> _TASK TO CARRY OUT_
Repeat only the lines below that run from the line with "The thermal risk" to the line with "Toolbar trigger icons", ends included; skip every picture.

> _RECORDS FOR THE TASK_
______

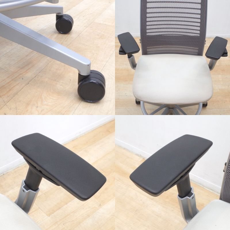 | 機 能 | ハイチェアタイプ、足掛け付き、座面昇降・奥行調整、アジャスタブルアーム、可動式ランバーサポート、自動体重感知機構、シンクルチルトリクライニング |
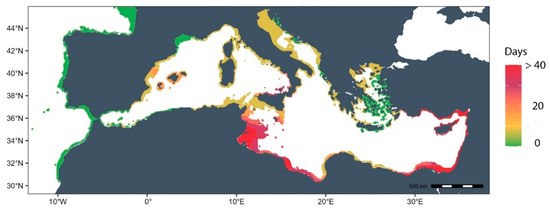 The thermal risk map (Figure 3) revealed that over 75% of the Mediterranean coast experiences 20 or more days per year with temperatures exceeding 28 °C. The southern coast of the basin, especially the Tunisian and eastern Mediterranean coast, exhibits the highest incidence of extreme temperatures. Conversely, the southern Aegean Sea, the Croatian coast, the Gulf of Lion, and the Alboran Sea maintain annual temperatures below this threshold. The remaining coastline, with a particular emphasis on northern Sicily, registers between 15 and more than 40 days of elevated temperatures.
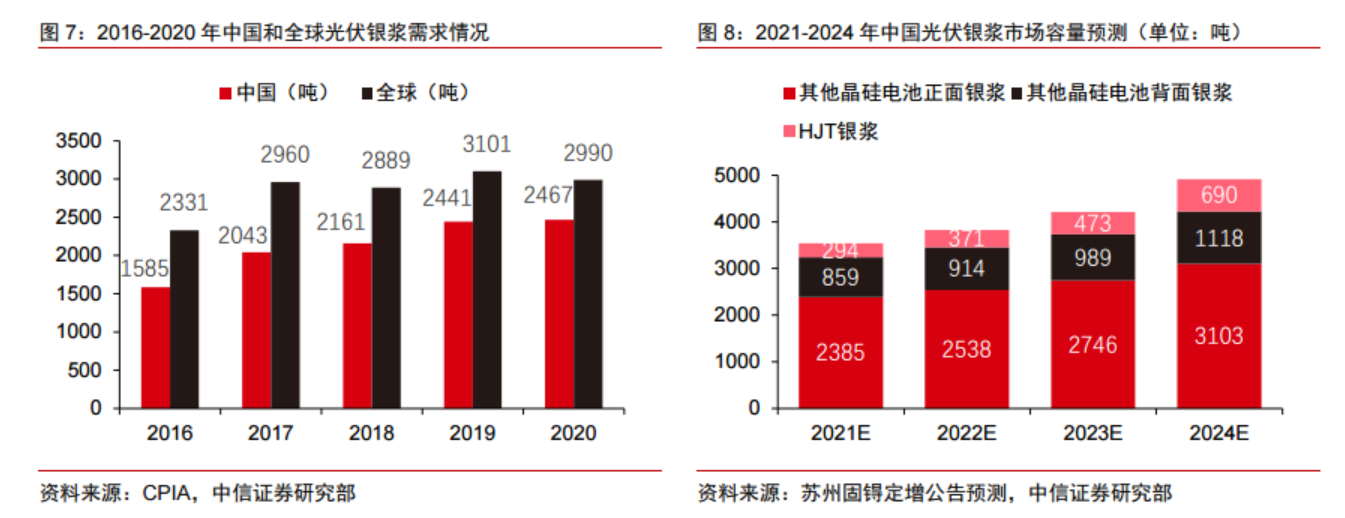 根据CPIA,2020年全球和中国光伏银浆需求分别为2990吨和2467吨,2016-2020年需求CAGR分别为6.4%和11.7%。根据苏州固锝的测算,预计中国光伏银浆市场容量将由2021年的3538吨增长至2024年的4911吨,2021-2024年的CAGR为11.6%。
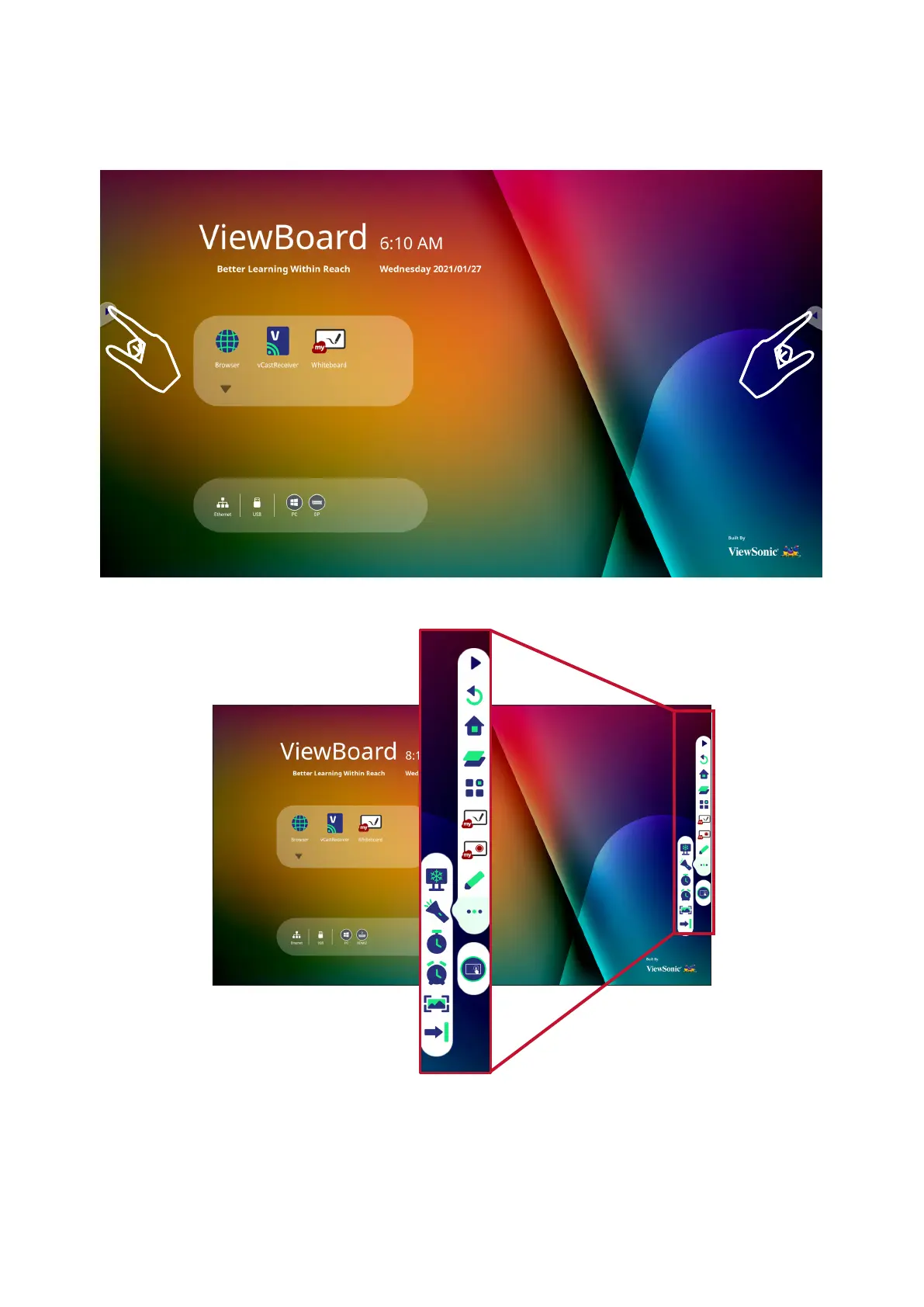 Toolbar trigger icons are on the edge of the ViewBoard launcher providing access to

______

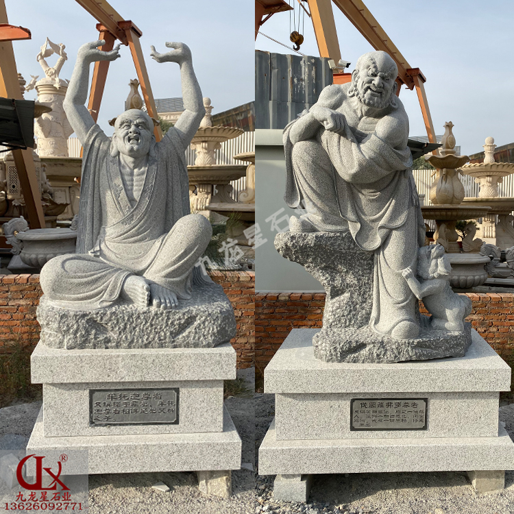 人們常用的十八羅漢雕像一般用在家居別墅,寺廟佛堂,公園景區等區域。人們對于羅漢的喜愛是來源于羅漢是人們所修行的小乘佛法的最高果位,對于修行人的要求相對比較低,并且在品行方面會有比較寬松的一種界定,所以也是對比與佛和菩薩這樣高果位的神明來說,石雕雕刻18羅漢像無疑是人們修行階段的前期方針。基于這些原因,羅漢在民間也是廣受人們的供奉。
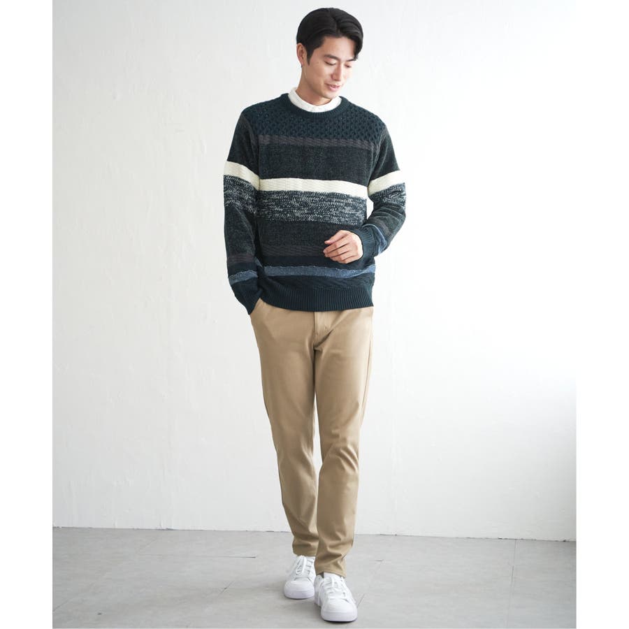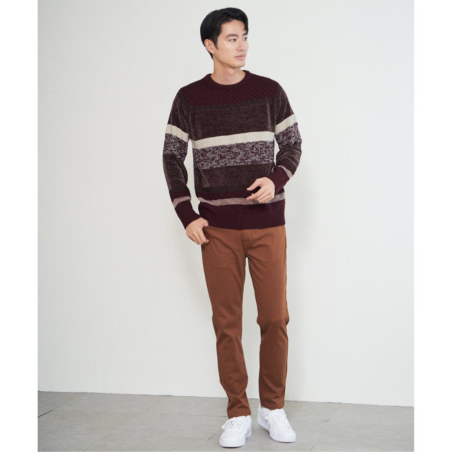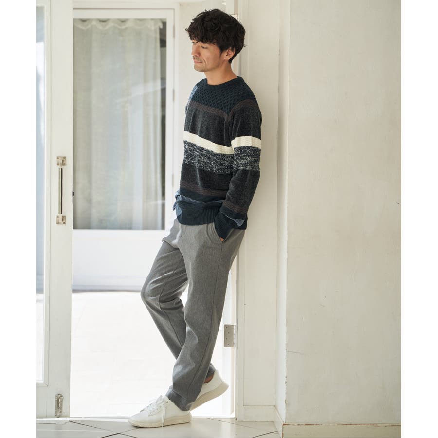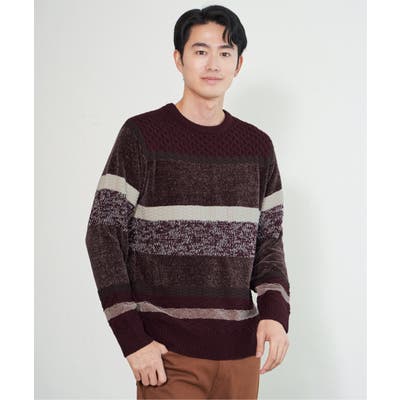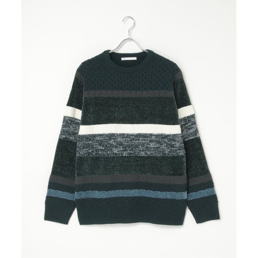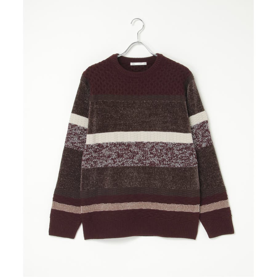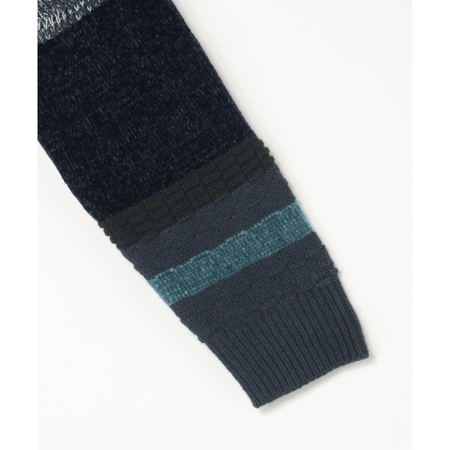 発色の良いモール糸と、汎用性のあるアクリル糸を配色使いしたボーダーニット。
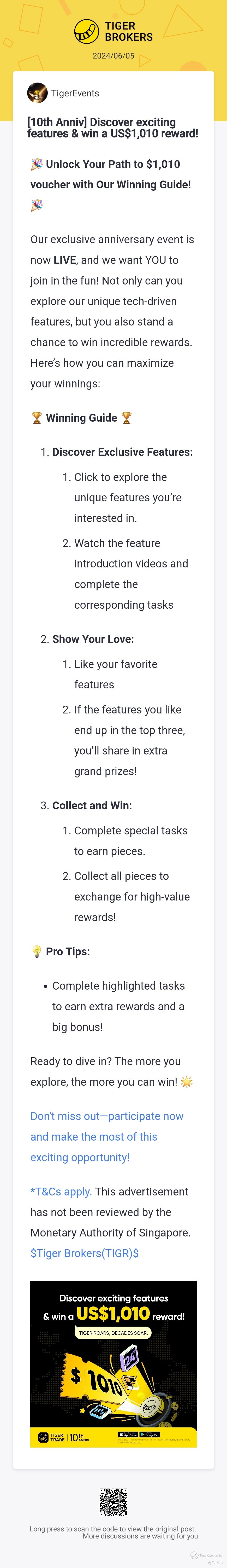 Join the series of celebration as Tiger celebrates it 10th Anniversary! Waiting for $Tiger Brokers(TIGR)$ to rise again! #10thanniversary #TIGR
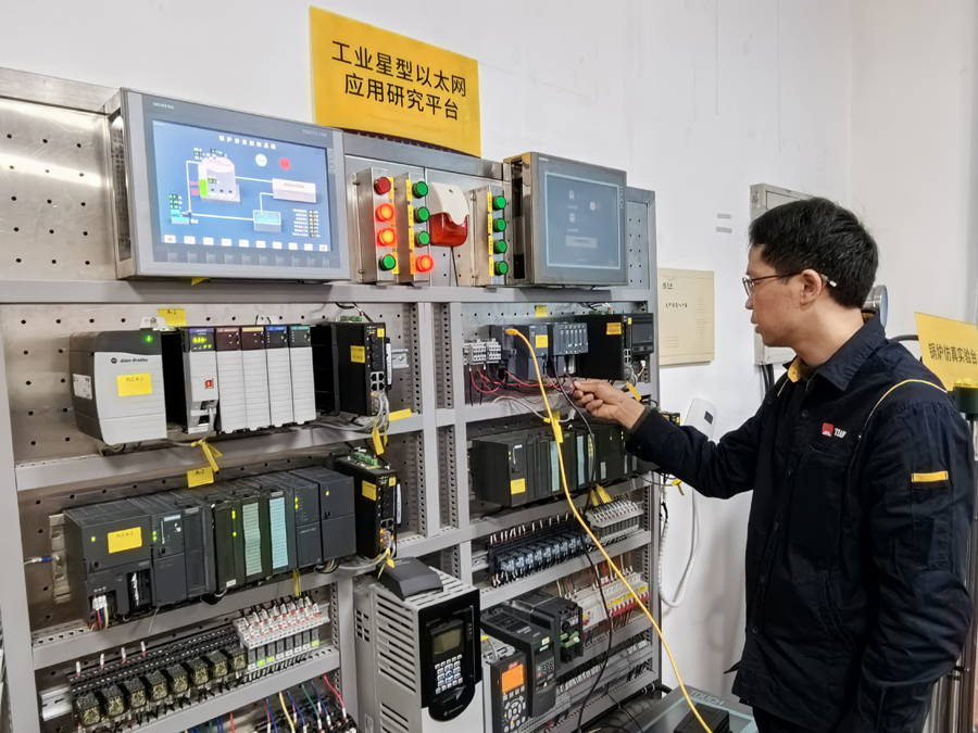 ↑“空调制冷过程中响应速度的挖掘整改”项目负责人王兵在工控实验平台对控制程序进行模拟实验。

______

> _FINISHED TASK_
 The thermal risk map (Figure 3) revealed that over 75% of the Mediterranean coast experiences 20 or more days per year with temperatures exceeding 28 °C. The southern coast of the basin, especially the Tunisian and eastern Mediterranean coast, exhibits the highest incidence of extreme temperatures. Conversely, the southern Aegean Sea, the Croatian coast, the Gulf of Lion, and the Alboran Sea maintain annual temperatures below this threshold. The remaining coastline, with a particular emphasis on northern Sicily, registers between 15 and more than 40 days of elevated temperatures.
 根据CPIA,2020年全球和中国光伏银浆需求分别为2990吨和2467吨,2016-2020年需求CAGR分别为6.4%和11.7%。根据苏州固锝的测算,预计中国光伏银浆市场容量将由2021年的3538吨增长至2024年的4911吨,2021-2024年的CAGR为11.6%。
 Toolbar trigger icons are on the edge of the ViewBoard launcher providing access to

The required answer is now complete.